Don’t restrict access to our communication systems. This is functionally equivalent to taping our mouths shut. This is (hopefully) less of an issue in college and graduate school, since we’re all adults but, yes, teachers do this to elementary students who are talking out of turn with their devices. If it becomes a classroom management issue, handle it the same way you would if we were using our mouths.

Do provide discussion questions ahead of time. This ties in with allowing extra time to respond: if we know the question, we can formulate a response ahead of time. This moves some of the extra response time outside the flow of discussion and lets us make longer responses. (This is how Stephen Hawking does interviews that appear to be in real time.)
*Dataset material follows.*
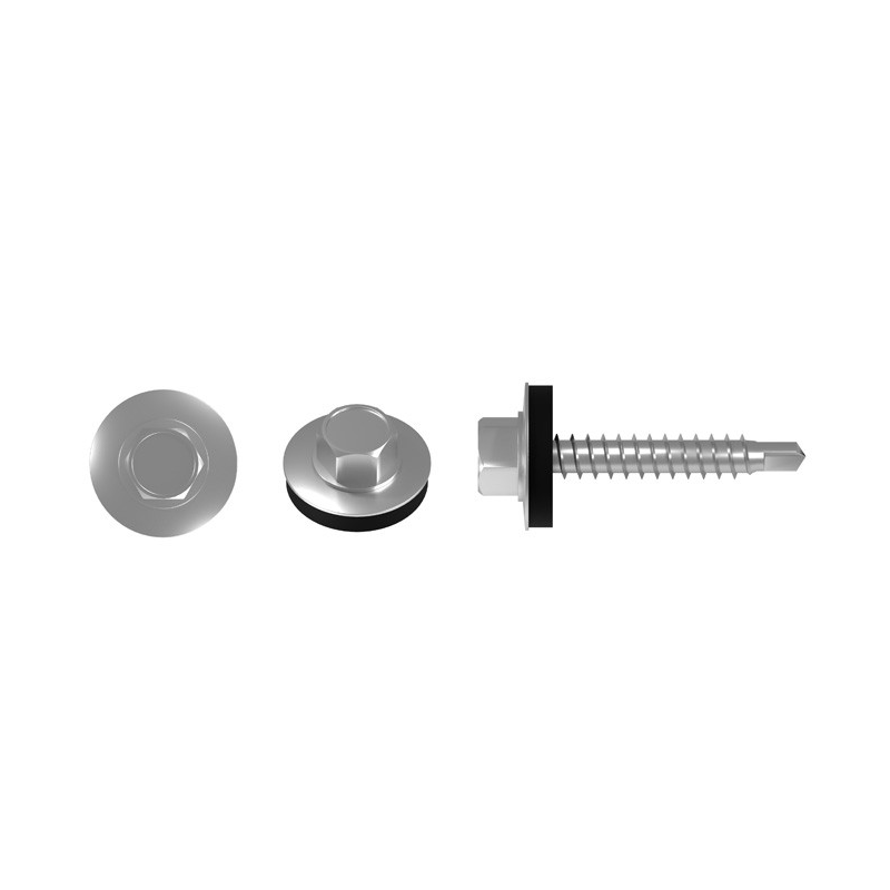 Skrutka je vyrobená z galvanicky pozinkovanej uhlíkovej ocele, čo jej zaisťuje ochranu proti korózii. Je vybavená špeciálnym samovŕtacím hrotom (vŕtacia kapacita do 2 mm hrúbky plechu), ktorý umožňuje montáž bez predvŕtavania, a šesťhrannou hlavou pre jednoduchú a rýchlu inštaláciu pomocou uťahovačky. Neoddeliteľnou súčasťou je oceľová podložka s navulkanizovaným tesnením z EPDM gumy. Toto tesnenie je odolné voči poveternostným vplyvom a UV žiareniu, dokonale priľne k povrchu a vytvára vodotesný spoj, ktorý chráni konštrukciu pred prenikajúcou vlhkosťou.

Don’t project how you think you’d feel about not being able to talk onto us. I had a student do this to me while I was assisting in an electrical engineering lab. It was awkward, because I was trying to help her fix a circuit and she kept telling me how sad it was that I couldn’t talk. Don’t do this.

Do ask how to be a better communication partner. These are reasonable places to start, but by no means an end. As the people involved and the AAC systems used vary, so will the best things to do. Ask! (It’s best to do this outside working time. Go get coffee or something.) Then listen to what they tell you, even if it’s different from what I said here.

For more information about AAC, you can visit the International Society for Augmentative and Alternative Communication. For additional writing by AAC users, you can read Typed Words, Loud Voices or Speaking up and spelling it out: Personal essays on augmentative and alternative communication. I also have an AAC tag on my blog.

[Image is a selfie Alyssa took with their most-used AAC system for a prior AAC awareness month.]